India halts production of cough syrups suspected of links to child deaths
By IAN ALLEN – Associated Press
PITTSBURGH (AP) — The manufacturer of a pediatric cough syrup blamed by health advocates for a spike in fatal infant seizures has halted sales for now.
The company’s parent company says it’s stopping sales to the states of Pennsylvania, West Virginia and Ohio that were included in a state-funded investigation into the syrup. The U.S. Conference of Mayors called it the “largest public health crisis in state history.”
The cough syrup, called Tylenol No. 3, contains acetaminophen, a drug known for its pain-relieving properties that is used to treat fever and pain. It’s been on the market since 1962 without a fatal allergic reaction reported.

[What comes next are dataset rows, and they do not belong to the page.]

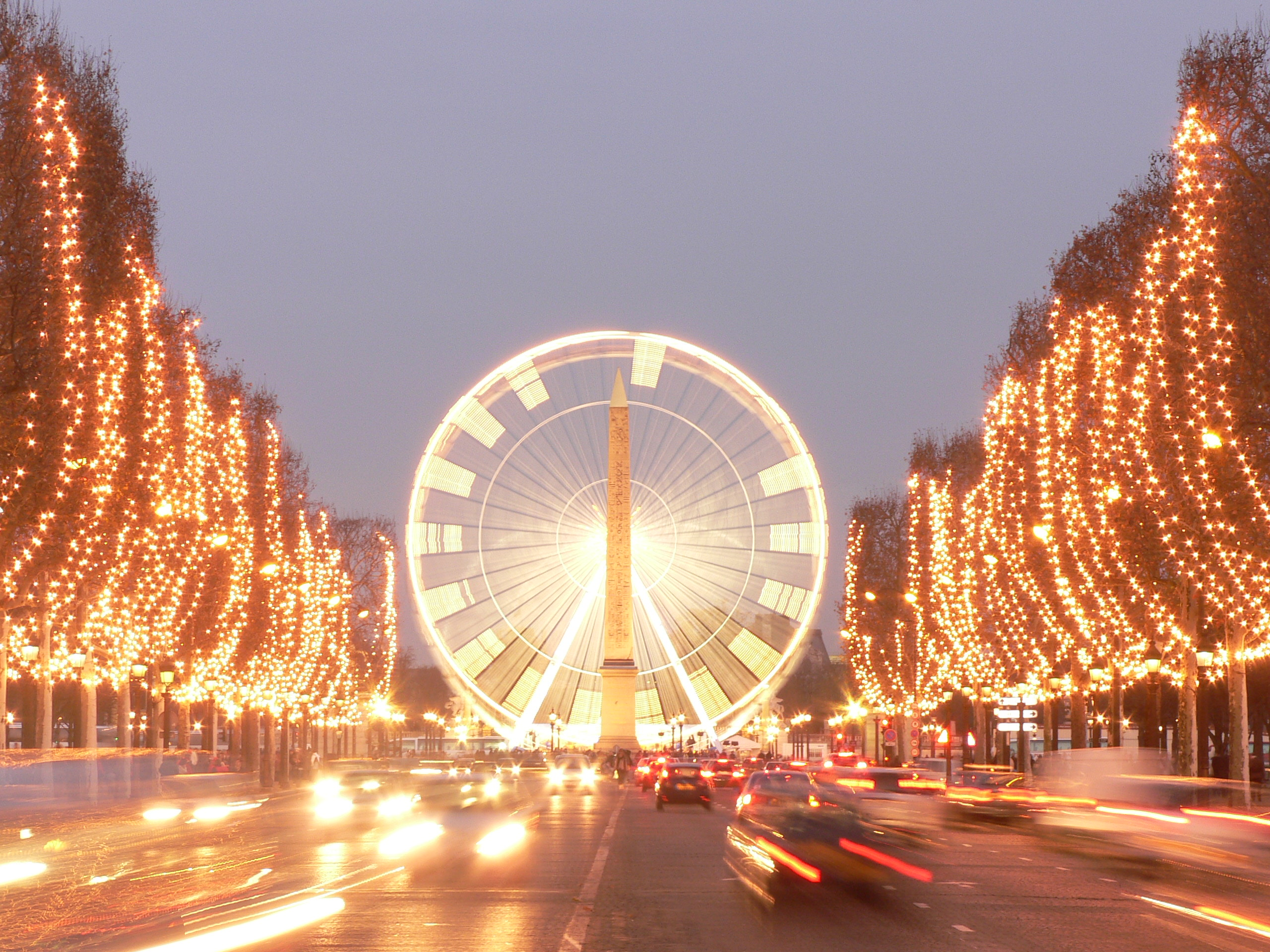 Paris, France:The Place de la Concorde and its Ferris wheel seen from the Champs-Élysées, with end-of-year festive lighting, December 31st, 2005
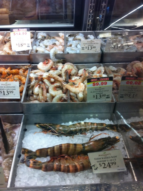 at Mariano's, Chicago Wild gulf shrimp dwarfed by these behemoth farm raised versions. We wonder if you can get "cuts" of that large shrimp - just the loin please...
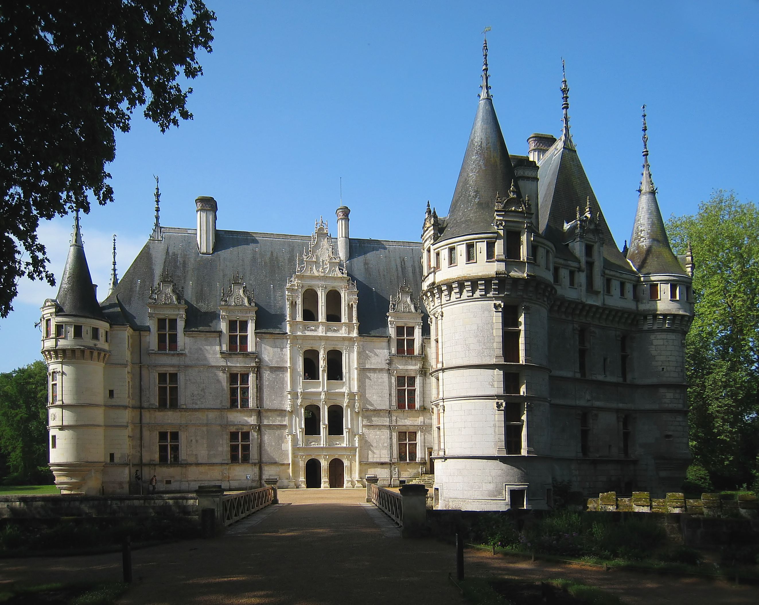 Château d'Azay-le-Rideau, access road
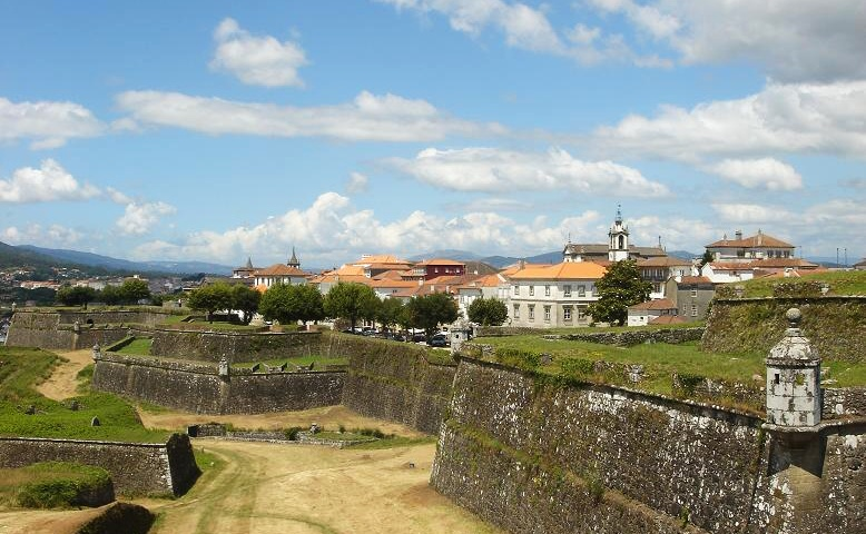 Portuguese Fort City of Valença.
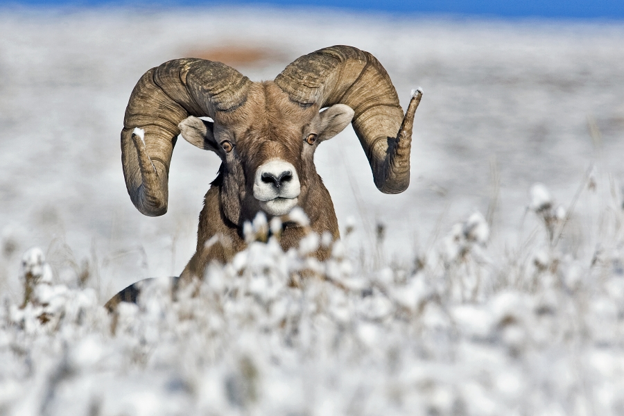 Big Horn Sheep (Male), Near Jasper, Alberta
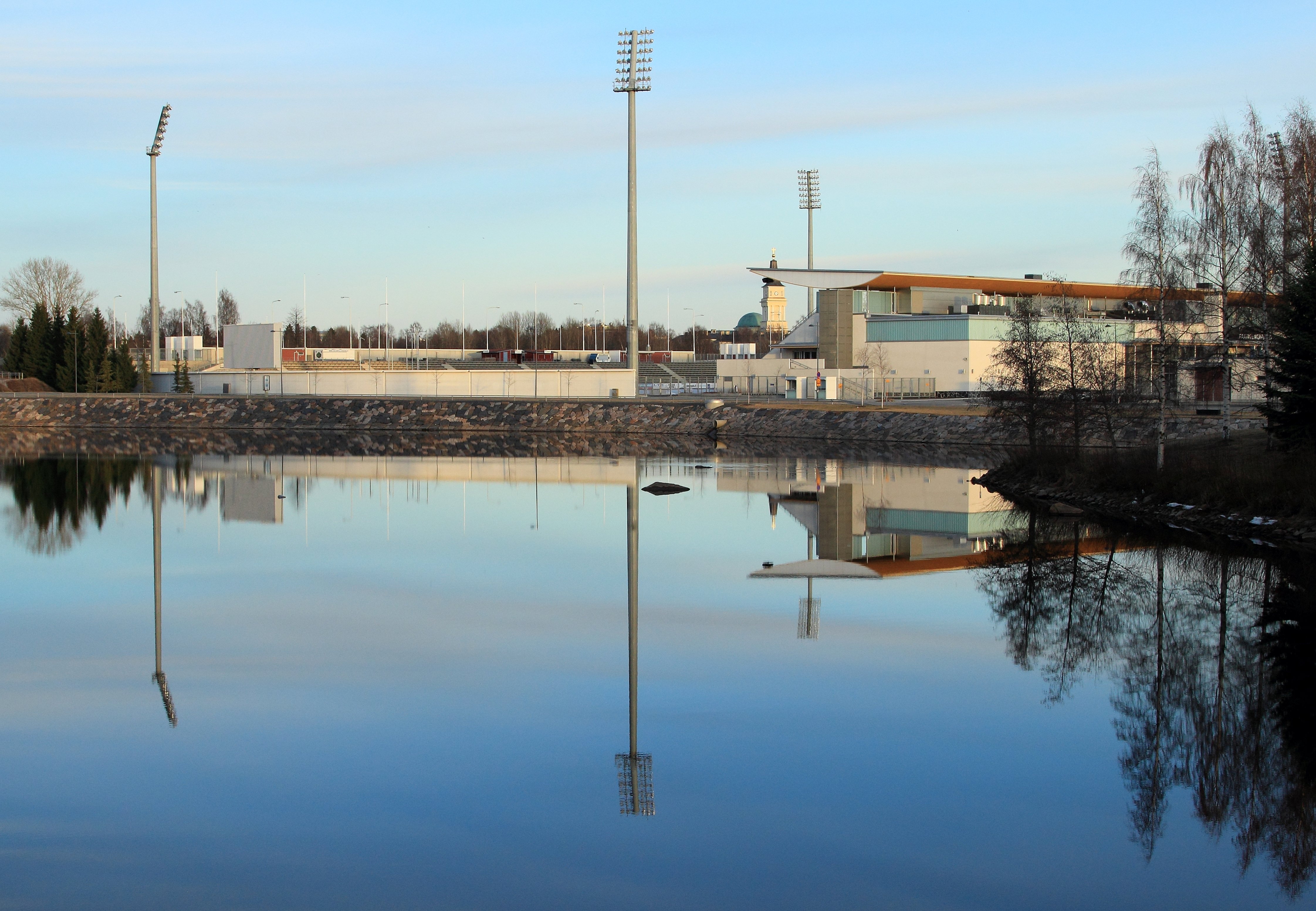 The Raatti Sports Centre in Oulu.
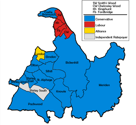 Ward map of Solihull Council with political colouring for the 1987 election.

But researchers and parents have long raised concerns about the safety of the drug, including that it could be carcinogenic, cause heart problems and damage the liver.
The Pittsburgh Tribune-Review reported Thursday that the drug maker, GlaxoSmithKline, halted sales and withdrew its product from the market. The report said the drug maker now is working with a manufacturer to figure out how to distribute the cough syrup in the U.S.
“It was a huge scandal, and it just wasn’t right that something like this could happen or that people would be so hurt by it,” said Dr. William Boice, associate professor of pediatrics and neurology at Cincinnati Children’s Hospital. “I don’t think it’s all bad. I think it will continue to help people who are in very tough situations.”
The U.S. Centers for Disease Control and Prevention says acetaminophen overdoses accounted for more than 15 fatalities and more than 4,000 hospitalizations in America last year. The agency says about half of all children over age 2 who suffered an acetaminophen overdose died.
A CDC spokesman on Friday says, “As we have said previously, acetaminophen is a safe and effective treatment for fever and pain. The CDC’s research supports the finding that overdose causes liver failure, but we do not see evidence of any liver damage caused by overdose or overdose deaths.”